[What this task involves]: Instruction for the entries below: return the part that opens with the line containing "(poliészter) hátul szövettel" and closes with the line containing "Nadia Tunik Strip", exactly, and no pictures.

===== Records shown

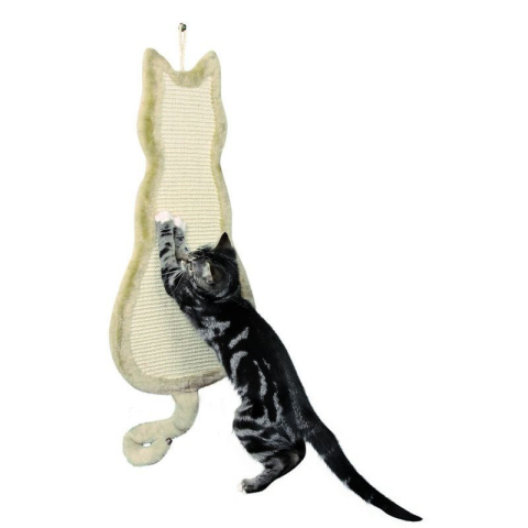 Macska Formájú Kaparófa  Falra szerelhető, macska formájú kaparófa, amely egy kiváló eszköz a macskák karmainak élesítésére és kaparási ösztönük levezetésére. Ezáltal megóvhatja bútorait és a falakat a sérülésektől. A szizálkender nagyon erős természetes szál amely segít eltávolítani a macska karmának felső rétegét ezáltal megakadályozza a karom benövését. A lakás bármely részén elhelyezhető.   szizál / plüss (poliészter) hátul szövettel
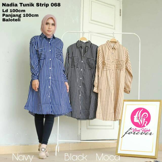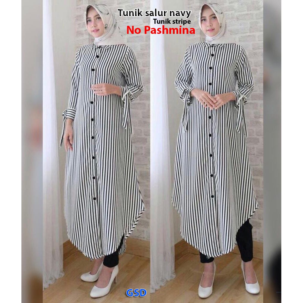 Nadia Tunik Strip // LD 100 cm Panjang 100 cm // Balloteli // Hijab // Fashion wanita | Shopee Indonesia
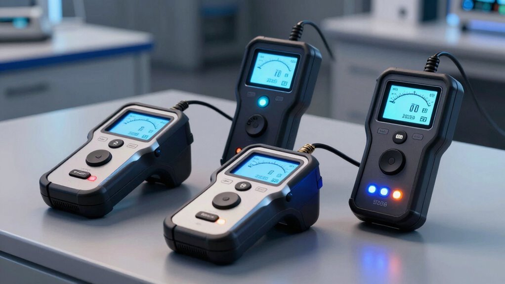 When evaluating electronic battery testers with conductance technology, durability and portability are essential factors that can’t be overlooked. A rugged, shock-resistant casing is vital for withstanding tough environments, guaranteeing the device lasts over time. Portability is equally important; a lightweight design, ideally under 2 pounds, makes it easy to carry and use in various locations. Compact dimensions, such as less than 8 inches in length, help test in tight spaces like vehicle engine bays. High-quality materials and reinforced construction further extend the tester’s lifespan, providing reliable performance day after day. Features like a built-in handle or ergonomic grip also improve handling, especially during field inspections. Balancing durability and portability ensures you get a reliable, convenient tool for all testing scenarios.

==========
===== Records shown

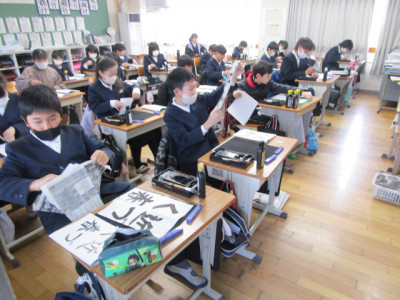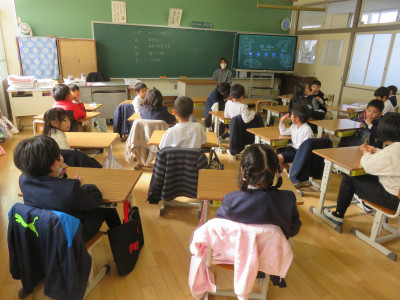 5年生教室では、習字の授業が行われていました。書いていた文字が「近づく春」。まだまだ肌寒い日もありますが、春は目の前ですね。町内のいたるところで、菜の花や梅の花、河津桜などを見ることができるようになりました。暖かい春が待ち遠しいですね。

==========
===== Records shown

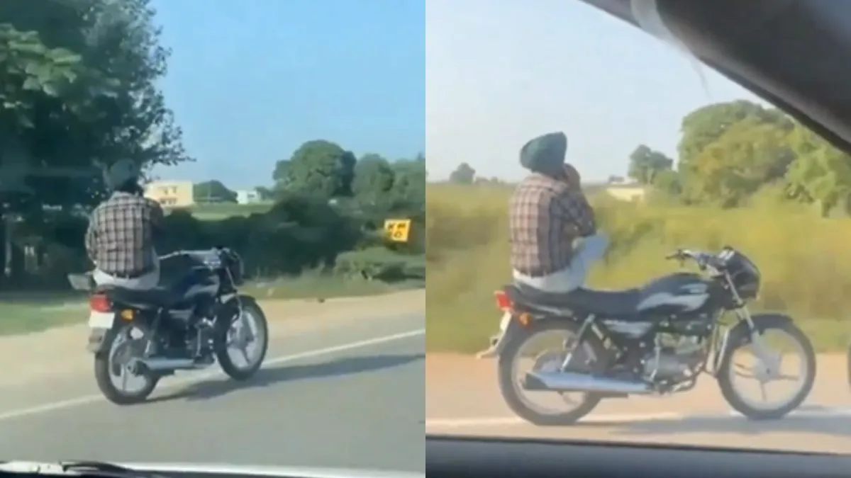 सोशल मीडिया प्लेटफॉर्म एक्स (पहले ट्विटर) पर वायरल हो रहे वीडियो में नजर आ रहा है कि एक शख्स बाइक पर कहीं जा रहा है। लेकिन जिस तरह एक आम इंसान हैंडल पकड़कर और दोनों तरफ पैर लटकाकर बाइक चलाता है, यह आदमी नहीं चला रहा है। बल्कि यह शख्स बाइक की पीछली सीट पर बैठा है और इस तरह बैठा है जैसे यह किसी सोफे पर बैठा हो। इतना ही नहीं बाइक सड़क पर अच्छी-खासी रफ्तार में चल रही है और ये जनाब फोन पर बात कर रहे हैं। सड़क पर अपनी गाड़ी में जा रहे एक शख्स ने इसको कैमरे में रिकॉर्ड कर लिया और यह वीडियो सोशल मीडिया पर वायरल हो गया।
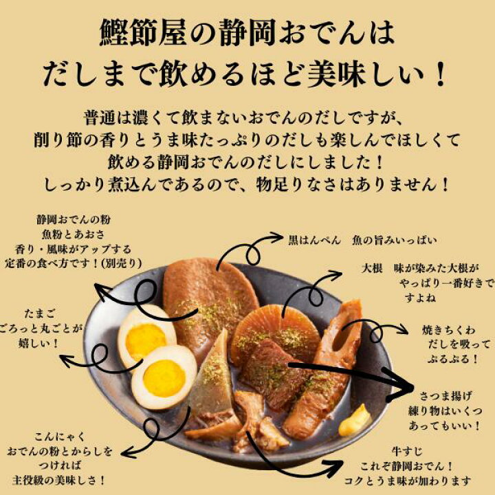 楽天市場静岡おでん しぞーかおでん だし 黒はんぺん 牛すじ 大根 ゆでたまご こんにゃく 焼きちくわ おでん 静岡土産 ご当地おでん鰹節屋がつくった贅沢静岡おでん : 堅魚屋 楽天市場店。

==========

[Result of this exercise]:
 Macska Formájú Kaparófa  Falra szerelhető, macska formájú kaparófa, amely egy kiváló eszköz a macskák karmainak élesítésére és kaparási ösztönük levezetésére. Ezáltal megóvhatja bútorait és a falakat a sérülésektől. A szizálkender nagyon erős természetes szál amely segít eltávolítani a macska karmának felső rétegét ezáltal megakadályozza a karom benövését. A lakás bármely részén elhelyezhető.   szizál / plüss (poliészter) hátul szövettel
 Nadia Tunik Strip // LD 100 cm Panjang 100 cm // Balloteli // Hijab // Fashion wanita | Shopee Indonesia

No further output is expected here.